Ich zitiere mich mal selbst. Möglicherweise ist das nicht richtig rübergekommen. 

Fakt ist, nur die/der Initiatoren der Hängepartie wissen es ganz genau. 

Die Ausgangsdaten:

- Viele Angler und Fischer hassen Kormorane
- Sehr viele Jäger haben kein Interesse an der Bejagung
- Vogelschützer lieben Vögel
- Ein NABU Mitglied das bei sowas erwischt würde ( die Gefahr besteht ja immer ) wäre ein Supergau für den NABU.

Bei abwägung der Fakten und im Bezug zu obigem Zitat, wäre der Angler/Fischer das Pferd, und der NABU-Typ das Zebra.

Es wäre natürlich auch noch möglich, das es sich um eine geheime Nachricht der Illuminaten handelt, die wir nur nicht entschlüsseln können. 

Möglich ist sehr vieles, wahrscheinlich dass es ein Angler/Fischer gewesen ist.

Um die Wogen der empörung zu glätten und einen angemessen Schuldigen zu finden, schlage ich einen Fischzuchtbetreiber vor, der durch den Einfall einer Kormorankolonie um seine Existenz gebracht wurde. 

Der hätte ein Motiv, genug Wut und man könnte das dann auch noch als Verzweiflungstat werten.|supergri


----------



## Ullov Löns (22. April 2010)

*AW: Comoran erschossen und aufgehängt. War das wirklich ein Angler?*



firemirl schrieb:


> Das ist sehr richtig. Komisch ist es schon. Insbesondere wenn man liest, dass der Herr K. (der wohl sicher nicht Jäger ist) angibt, das die Wunden von Schrotmunition herstammen.
> Dies würde bedeuten, das der sehr scheue Vogel aus nächster Nähe erlegt worden sein müßte, da ansonsten Schrot so gut wie keine Wirkung auf das Tier hat.
> Also in einem* Indizienprozess* hätte ich jetzt nen Verdächtigen oder *auf jeden Fall* einen Mitwisser.
> *Ich* für meinen Teil *gehe* auch *von einer Aktion militanter Naturschutzaktivisten aus.*





firemirl schrieb:


> Und was Deine Verunglimpfungen und Verleumdungen anbelangt, so krame ich mal den Satz ''Der Empfänger macht die Botschaft'' heraus.
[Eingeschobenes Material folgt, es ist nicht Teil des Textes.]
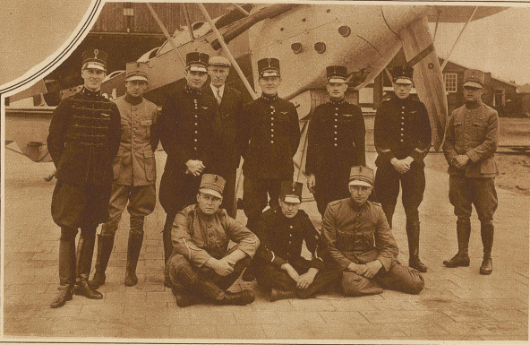
Die holländische Equipe für das Zürcher Flugmeeting

bracht. Hier machte man zunächst die Feststellung, daß die Verunglückte überhaupt kein Krüppel war, sondern daß die Entsetzen erregenden Prothesen am Körper der Bettlerin geschickt angebracht waren, um die beabsichtigte Täuschung hervorzurufen. Im Laufe der Untersuchung kam man weiter dahinter, daß sich die Bettlerin nach vollbrachter Tages-Arbeit in eine Dame von Welt verwandelte, die in den vornehmsten Restaurants zu speisen und in einer Loge des Theaters Platz zu nehmen pflegte. Ihr Handwerk hatte sich gelohnt, denn sie verfügte über ein Bankkonto von 50,000 Lire.

Ich habe niemanden angegriffen sondern lediglich meine bescheidene Meinung geäußert.*
> Also anderen ohne genaues Hinterfragen der Beweggründe *eine nicht existente oder tendenzielle Verunglimpfungen oder Verleumdungen zu unterstellen ist mal ein starkes Stück.
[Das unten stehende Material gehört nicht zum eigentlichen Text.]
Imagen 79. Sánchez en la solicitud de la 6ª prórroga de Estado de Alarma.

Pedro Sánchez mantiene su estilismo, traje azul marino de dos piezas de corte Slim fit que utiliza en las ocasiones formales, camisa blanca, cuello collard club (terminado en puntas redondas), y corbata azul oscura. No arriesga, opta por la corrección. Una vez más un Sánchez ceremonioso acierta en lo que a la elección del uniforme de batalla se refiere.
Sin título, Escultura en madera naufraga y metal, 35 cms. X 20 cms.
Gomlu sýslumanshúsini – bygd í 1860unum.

Mit diesem starken Stück komme ich gut klar. Wie wäre es denn mal mit einem genauen Hinterfragen der Sachumstände? Wäre es möglich, dass so ein Vogel einem Veterinär vorgelegt wird, um herauszufinden, wie der wohl ums Leben gekommen ist? Wer ist denn der Mitwisser des Täters? Na? Nun mal Tacheles... der Nabu-Vorsitzende?

Es ist bezeichnend, dass bestimmte Leute hier an einer sachlichen Argumentation kein Interesse haben, genauso bezeichnend ist, dass das Bild 1,5mal so viele Clicks bekommt wie der Kommentar. Stattdessen werden hier dusselige Feindbilder aufgebaut, noch dusseligere Verschwörungstheorien verbreitet und sich anschließend auf die bescheidene Meinung berufen. Meine Güte, wenn sich an der Problematik irgendetwas verbessern soll, dann muss man sich mit anderen Dingen beschäftigen, als mit der frage, welchen Piepmatz der Nabu zu Germanys best birdmodel wählt. 
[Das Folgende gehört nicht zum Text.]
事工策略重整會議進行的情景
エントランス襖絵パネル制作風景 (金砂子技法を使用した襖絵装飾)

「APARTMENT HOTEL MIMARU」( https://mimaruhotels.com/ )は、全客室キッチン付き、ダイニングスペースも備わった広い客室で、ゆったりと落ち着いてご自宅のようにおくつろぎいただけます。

Der Veranstalter dieser lustigen Aktion hat auf jeden Fall den Anglern einen Bärendienst erwiesen. Auch wenn einige Leute es nicht kapieren, wird der Vogel in Deutschland bleiben und auch nicht annähernd ausgerottet werden. Auch Abschusspläne in begrenzten Bereichen werden das Problem bedingt durch die Mobilität des Vogel nur in einem begrenztem Rahmen lösen. Also wird es wohl notwendig werden, sich auch auf anglerischer Seite mit Maßnahmen auseinander zu setzen, die nicht im Wesentlichen die Bejagung als "Ultima Ratio" in Betracht ziehen.


----------



## Gardenfly (22. April 2010)

*AW: Comoran erschossen und aufgehängt. War das wirklich ein Angler?*

Wer voller Wut einen Kormoran erschiesst und aufhängt, der wird nicht fein säuberlich die Kanten vom Schild abschneiden.
Wahrscheinlicher wurde ein verhungerter Vogel hergerichtet um genau diese Diskussion anzuschüren.


----------



## chivas (22. April 2010)

*AW: Comoran erschossen und aufgehängt. War das wirklich ein Angler?*



Gardenfly schrieb:


> Wer voller Wut einen Kormoran erschiesst und aufhängt, der wird nicht fein säuberlich die Kanten vom Schild abschneiden.
> Wahrscheinlicher wurde ein verhungerter Vogel hergerichtet um genau diese Diskussion anzuschüren.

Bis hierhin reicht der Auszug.